When Osa stopped in front of the correct sample, pointed her nose at it and froze, DeAngelo and her colleagues hugged and cried.

“You don’t know if it’s going to work, so you train it, and you train it,” she says. “You’re actually now going to put the real cancer in the wheel, in the plasma, and see if the dogs can identify it and ignore the other samples. And it worked! The very first time! It was very emotional.”

And yet, that’s only half the challenge. To transform Osa’s remarkable abilities into something replicable—an electronic nose—researchers have to figure out what it is precisely that Osa and her friends are reacting to.

DeAngelo says the blood samples she has trained her dogs with contain hundreds of different organic compounds, any one of which could be capturing the dog’s attention.

And that is why the Penn team includes not just the physicists and engineers designing the instrumentation for their electronic nose but also chemists to help figure out what exactly that electronic nose needs to be calibrated to smell.

The group has been breaking the cancer samples down into progressively smaller constituent parts and presenting them to the dogs, to winnow out which of the hundreds of potential aromatic chemical compounds (odorants) grabs their attention.

A similar approach is used to train the device. The engineers start with two separate samples consisting of many odorants mixed together and make sure the machine can distinguish between them. Then they remove individual odorants from each sample, training the machine to distinguish increasingly subtle differences that are more difficult to detect.

US210305E_CE210704%20(1).jpg

Say hello to Grizzly, photograph by Jason Varney

The goal is to eventually place a vial of plasma inside a microwave-sized electronic sniffer that can analyse its odorants and provide a reading of healthy, benign or malignant within minutes. Another version might handle up to ten samples at a time.

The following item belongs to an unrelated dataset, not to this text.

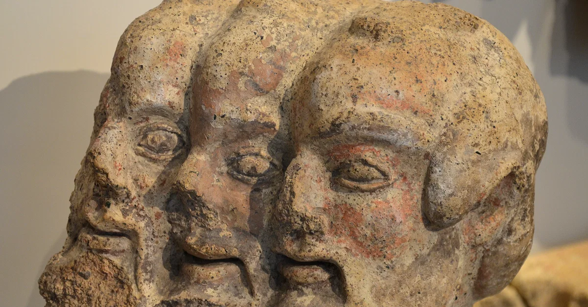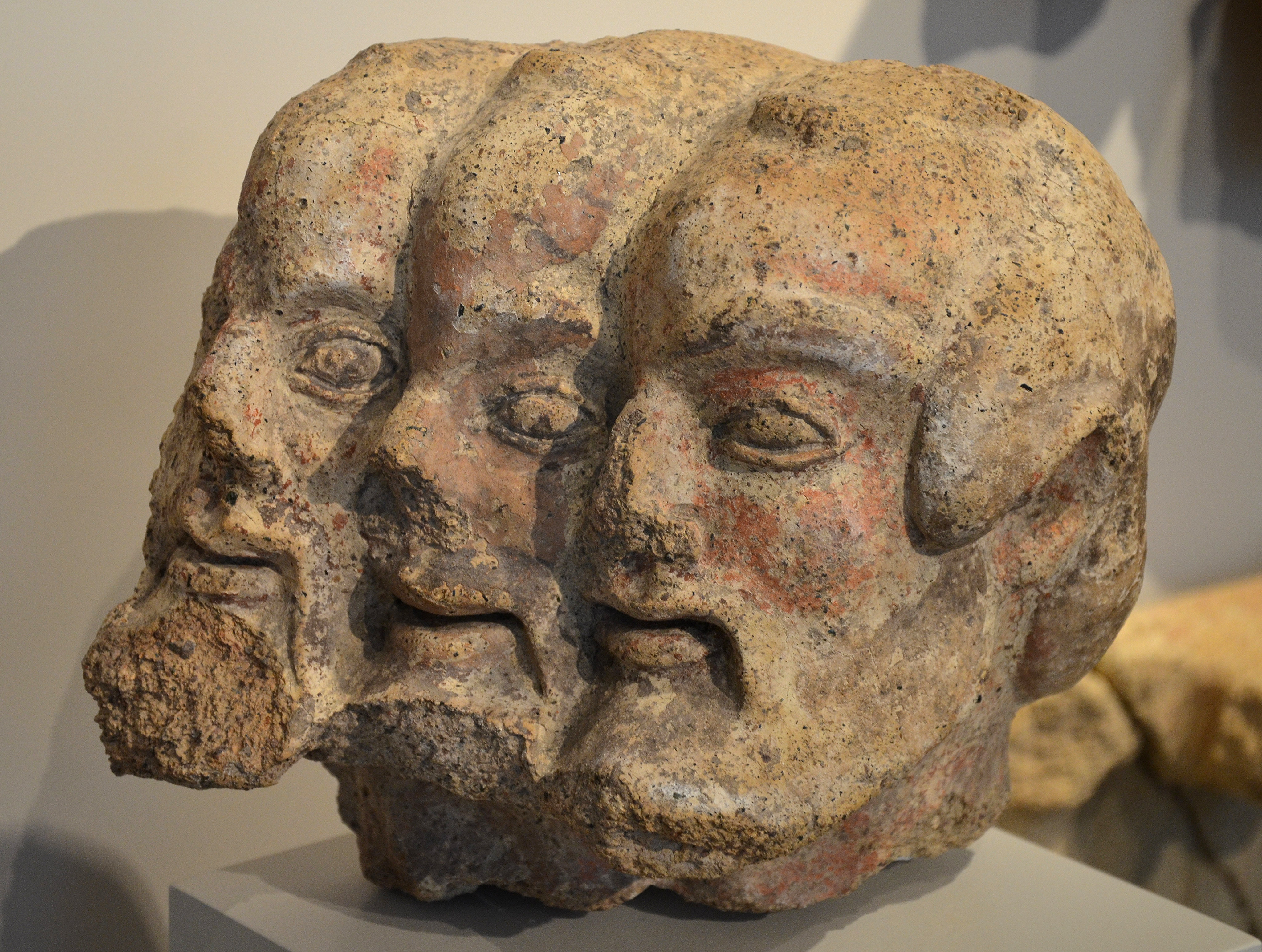 Etruscan three-headed Demon from a pediment relief found in Orvieto (Italy). Dated to around 480 BCE.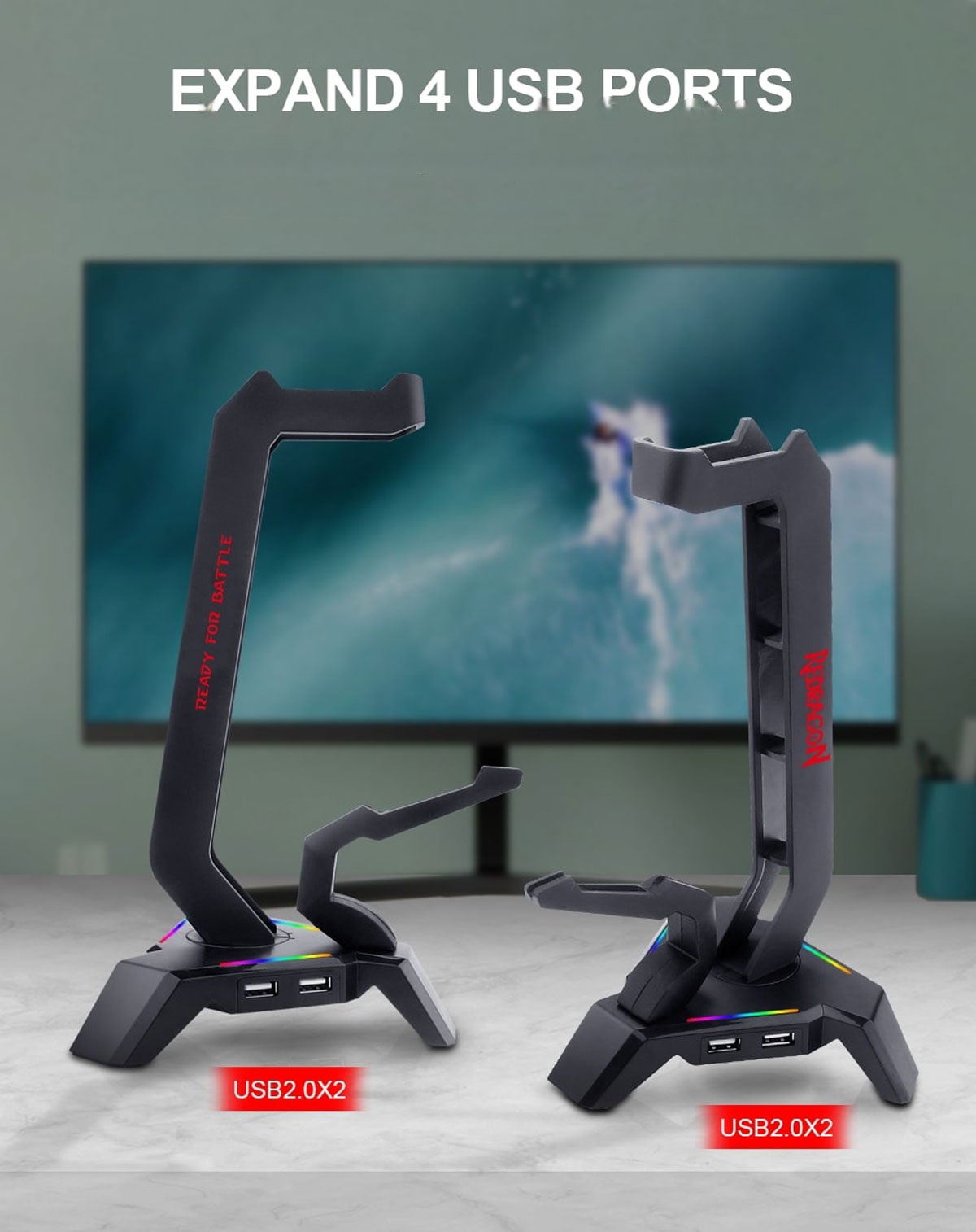 پایه نگه دارنده هدست REDRAGON SCEPTER HA311 با نور پردازی RGB، بانجی موس و 4 عدد پورت USB2.0، که با کاربردهای متنوع در قسمت پایینی آن وجود دارد، از نکات مثبت در طراحی آن می باشد. بهره گیری از نورپردازی RGB و پایه های لاستیکی برای جلوگیری از لغزش در این استند جزء نکات قابل توجه آن محسوب می شود.

Most people would prefer to have what ails them sniffed out by a sympathetic nose rather than a machine, but that’s not in the cards, according to Bruce Kimball, a chemist at the Monell Chemical Senses Centre in Philadelphia.

The number of dogs and handlers that would have to be deployed to the various hospitals and medical facilities around the US is neither practical nor feasible, he says. 

An electronic nose prototype has been built, and it’s successful in sniffing out cancer 90 to 95 per cent of the time. That team has also correctly detected different types of cancer, and is building a cancer-detecting device for the National Institutes of Health. Right now, they have a good idea of what compounds or chemicals create the odour, but the team wants more specificity.

One objective is to be able to distinguish between early- and late-stage cancer. “It would be incredible to identify people at an early stage and really have an impact on saving lives,” says Otto.

“The dogs have been able to detect that.” With that ability, a blood test could be sent to a central lab—or, ideally, performed in a doctor’s office—and rolled in as part of one’s annual checkup, making some hidden cancers a thing of the past.

If it all works as DeAngelo and Otto hope—it’s expected that commercial prototypes for the cancer-sniffing device will be complete within nine months—it will be one of the most important victories yet in the war against cancer. Of course, the dogs have no idea what all the fuss is about.

“To them, it’s just a game,” says DeAngelo. “Osa just knows that, 'I was trained and when I find this odour and I indicate on it, then I get rewarded.'”

Osa prefers that reward to be a piece of cheese. It’s a small price to pay since, after all, Osa’s nose could potentially save thousands of lives one day soon.